Insofern ist es auch schwierig, sich mit Fleischhauers Positionen inhaltlich auseinanderzusetzen. Es ist nicht klar, wer das Konzept, das Fleischhauer angreift eigentlich repräsentiert. Mal ist es tendenziell sozialdemokratische Bildungspolitik, ein anderes Mal ist es die Israelfeindlichkeit, die nicht nur am linken Rand, sondern auch am rechten zu finden ist. Diese mangelnde Abgrenzung macht es schwierig, das Buch ernst zu nehmen.
Fleischhauer hat übrigens auch nur in den seltensten Fällen ein Gegenkonzept. In solchen Momenten ist er dann Klischee eines Konservativen. Denn er zerlegt die Ansätze linker Gruppierungen, bietet aber kein Gegenmodell an. Am schönsten ist dabei die Stelle über Chancengleichheit. Die könne es gar nicht geben, da sich das Hirn schon im Mutterleib entwickelt. Man müsse also strikt kontrollieren, dass keine einzige Mutter während der Schwangerschaft raucht und trinkt. Da man das nicht könne, werde es auch nie Chancengleichheit geben. Eine stichhaltige Ableitung, die dem Problem ungleicher Chancen im Bildungssystem aber keine neue Lösungsmöglichkeit präsentiert. Dafür ist Fleischhauer mit dem Buch auch nicht angetreten. Fleischhauer erwähnt, dass bei „Linken“ alles immer gleich ein „Projekt“ sein muss. Selbst wenn man auf ein Projekt verzichtet, sollte man aber ein Anliegen haben. Denn sonst müsste man ja begründen, warum so viele Änderungsbedarf verspüren, während man selbst auf der Position steht: „Alles ist gut“. Es bleibt also die Frage, ob es ausreicht, sich immer nur darüber zu definieren, dass man ausnahmslos alles, was nach „links“ riecht, ablehnt oder ob man nicht wenigstens an einigen Stellen so etwas wie einen Gegenentwurf beziehungsweise ein konträres Wertesystem skizzieren sollte.

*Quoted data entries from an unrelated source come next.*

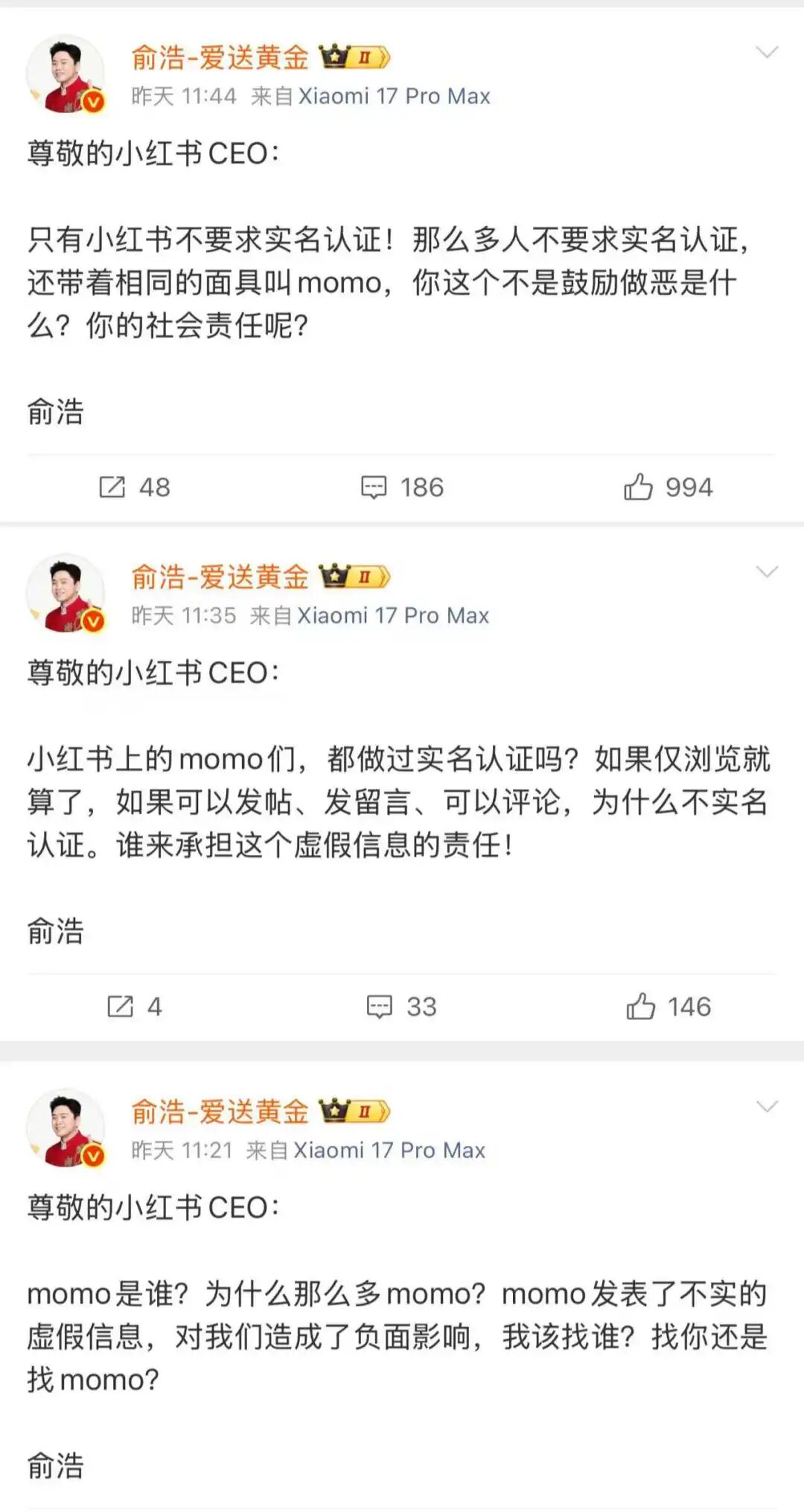 4月29日,俞浩连发三条微博喊话小红书CEO,将议题转向平台责任。
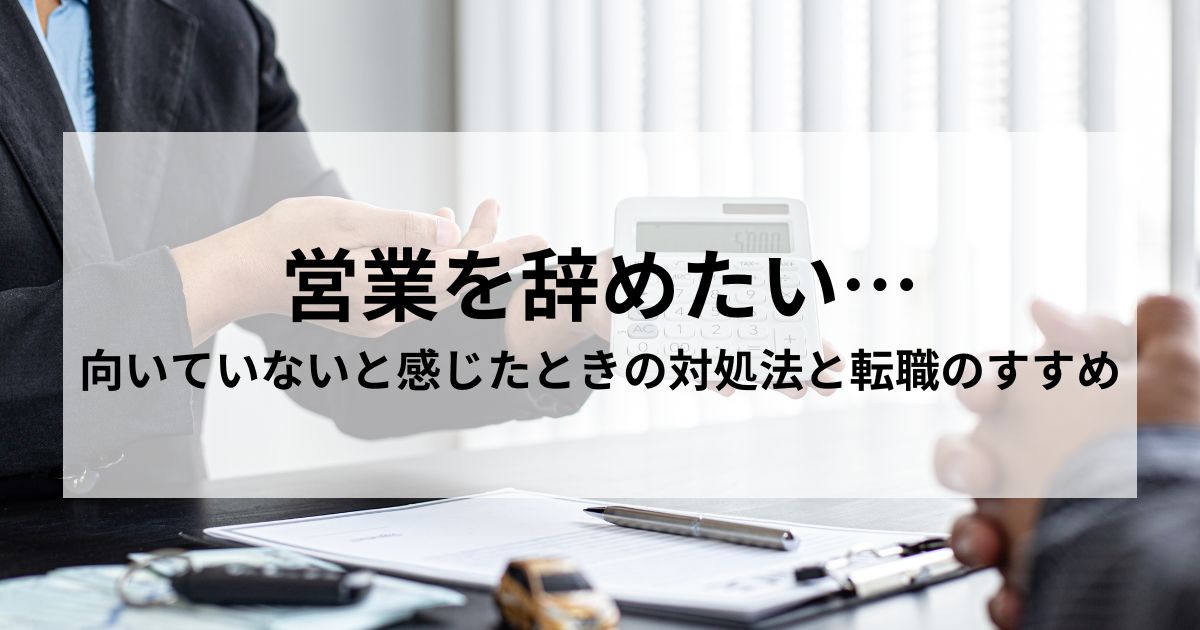 - 営業を辞めたいと感じるのは甘えではなく、環境との「相性」の問題
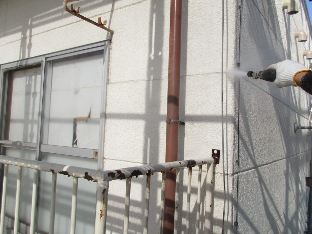 まずは汚れを綺麗にしていきます。劣化が進んでいるとひび割れやコーキングの切れから水が浸入してしまう恐れもあるので気を付けながら作業します。
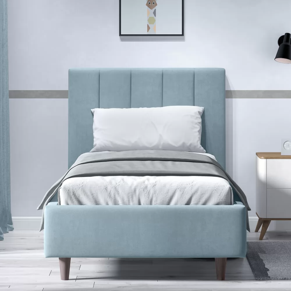 Интерьерная кровать на высоких ножках в современном стиле выглядит гармонично и привлекательно. Благодаря компактным размерам она отлично подходит для комнаты подростка или молодежной спальни.
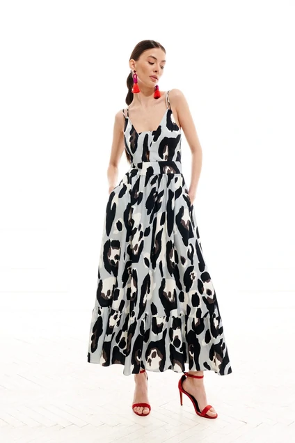 Сарафан женский, приталенного силуэта, длиной макси из плательно-блузочной ткани. Сарафан с отрезным поясом. Лиф переда и спинки с талиевыми вытачками. Лиф с отделочным элементом. Спинка со средним швом, в шве которого застежка на потайную молнию. Юбка сарафана с отрезным воланом и сборкой по талии. В боковых швах функциональные карманы. Сарафан на тонких регулируемых бретелях - завязках. Длина изделия от чаши 125 см.
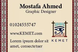 قمت في هذا المشروع بتصميم بطاقة أعمال مزدوجة الوجه لعلامة "KEMET"، والتي تختص في نشر الوعي بالتراث المصري و الاعمال اليدويه كان الهدف هو ابتكار تصميم يعكس روح الهوية البصرية للعلامة، ويجمع بين الأصالة المصرية القديمة واللمسة العصرية، ليترك انطباعًا فريدًا لدى العمي
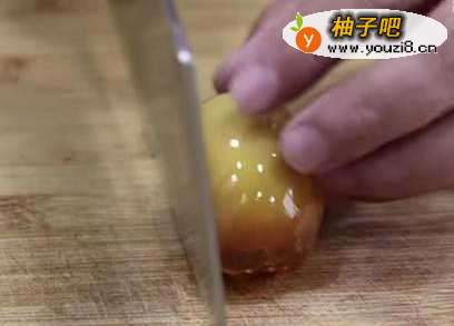 把皮蛋剥好,每个皮蛋,切成6拌。
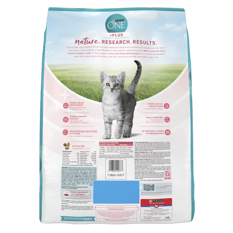 Give your growing kitten the nutrition she needs and a taste she loves when you serve Purina ONE Healthy Kitten Formula dry cat food. Real chicken as the first ingredient gives your budding feline the delectable taste cats love while providing her with the high-quality protein you demand from a veterinarian-recommended brand. This natural kitten formula plus essential nutrients is crafted with accents of real vegetables, including real carrots and peas, and without artificial flavors or preservatives. It's made with DHA, a nutrient found in mother's milk, which assists with brain and vision development. This formula also has an antioxidant-rich blend of vitamins E and A and other nutrients that help support a strong immune system. Your little friend is sure to love the enticing texture of the crunchy kibble, and you can feel good about giving her 100% complete and balanced nutrition for kittens to help support her overall health and wellness.Show your kitten just how much she means to you by filling her dish with Purina ONE Healthy Kitten Formula dry cat food. With 46 grams of protein per cup, this kitten food helps support her strong muscles, including a healthy heart. Kittens love the texture of this tasty recipe, which is crafted with real ingredients like real chicken, wholesome grains and accents of real vegetables. The crunchy kibble helps reduce plaque buildup and whiten teeth. Omega-6 fatty acids in every serving help give your kitten a radiant coat and healthy skin, and the formula is highly-digestible, so more nutrition goes to work inside your cat. Because it's made with 0% fillers, this dry kitten food ensures all of our high-quality ingredients have a purpose. Kittens generally nibble solid foods at three to four weeks of age. Keep moistened Purina ONE available to these kittens at all times. After weaning, at six to eight weeks of age, kittens normally eat dry or moistened food at will. Add variety to her diet with our menu of Purina ONE wet cat foods, including Purina ONE True Instinct Turkey Recipe in Gravy. Giving your cat the nutrition she needs to be happy and healthy is your first concern, and Purina ONE dry kitten food does just that. We craft this recipe in our U.S. facilities, so you know exactly where her meals are made. In a typical 24-hour production, Nestle Purina conducts 30,000 quality checks, so you know your precious kitten is getting the delicious and nutritious food she deserves. We formulate this Purina ONE recipe to meet or exceed all state and federal guidelines for pet food, and we put quality first in everything we do. Offer Purina ONE Healthy Kitten Formula dry cat food to your furry friend, and watch as she devours every last scrumptious bite.

Gelungen sind die Passagen, in denen Fleischhauer seine Herkunft, gegen die er rebbelliert hat, beschreibt. Er kommt aus einem sozialdemokratischen Elternhaus und hat die Linie erst weitergeführt, bis er sich irgendwann davon abgewandt hat. Leider macht dieser Teil nur den knappen Anfang aus, danach wird es nur noch permanentes, teilweise etwas penetrantisch Wirkendes „Dagegen“-Sein. Außerdem spielen die Szenen aus seinem Elternhaus tatsächlich in der Zeit vor 1990. Und wie sehr sich diese Zeit von der unsrigen, mit eher unpolitischen Jugendkulturen, unterscheidet, kann man unter anderem in dem Buch von di Lorenzo und Hacke erlesen, das übrigens einen eigenen Werteentwurf mit sich bringt.
Interessant ist das letzte Kapitel, das sich knapp über „die Linke und der Humor“ auslässt. Das Kapitel kommt zu dem Fazit, dass Linke eben diesen nicht besitzen. Interessant ist das Kapitel am Ende eines Buches, dass zwar locker geschrieben ist, aber nicht unbedingt auf Witz setzt, sondern sich eher auf penetrante Aufarbeitung und Anschuldigungen konzentriert. Wenn man dem noch Fleischhauers Kolumnen auf Spiegel Online entgegensetzt, in denen er nach der Wahl in Baden-Württemberg den Untergang des Landes sah oder er nach der Atomkatastrophe in Fukushima die Opfer der Katastrophe mit Verkehrsopfern in Verbindung gesetzt hat. Beide Reaktionen auf – für Konservative sicherlich verstörende Ereignisse – zeugen nicht gerade von einem Übermaß an Humor.
„Unter Linken“ ist gut zu lesen, inhaltlich aber nur vom „Dagegen“-Sein und teilweise einer gewissen Hässigkeit geprägt. Das Buch krankt an Ungenauigkeit und eigener Kreativlosigkeit. Die lockere Aufarbeitung dominanten, linken Gedankenguts hat zudem das Problem, dass die Lebenswirklichkeit mittlerweile anders erscheint. Die meisten Medien beäugen das linke Lager mindestens so kritisch wie das rechte. Und auch im Alltag erscheint es nicht selbstverständlich, dass die „Linken“ diese Gesellschaft tatsächlich dominieren. Denn Fleischhauer erinnert zurecht daran, dass die BRD gerade einmal 20 Jahre von tendenziell „Linken“ regiert wurde. Die eigentliche politische Macht war also meistens woanders konzentriert. Von der wirtschaftlichen Macht im Land gar nicht zu sprechen. Insofern ist die Wichtigkeit des Buches unklar.
Das Ziel des Buches, eine einseitige, undifferenzierte Polemik, die frühere Erfahrungen einer damals vielleicht „linksdominierten“ Gesellschaft verarbeitet, ist allerdings erreicht.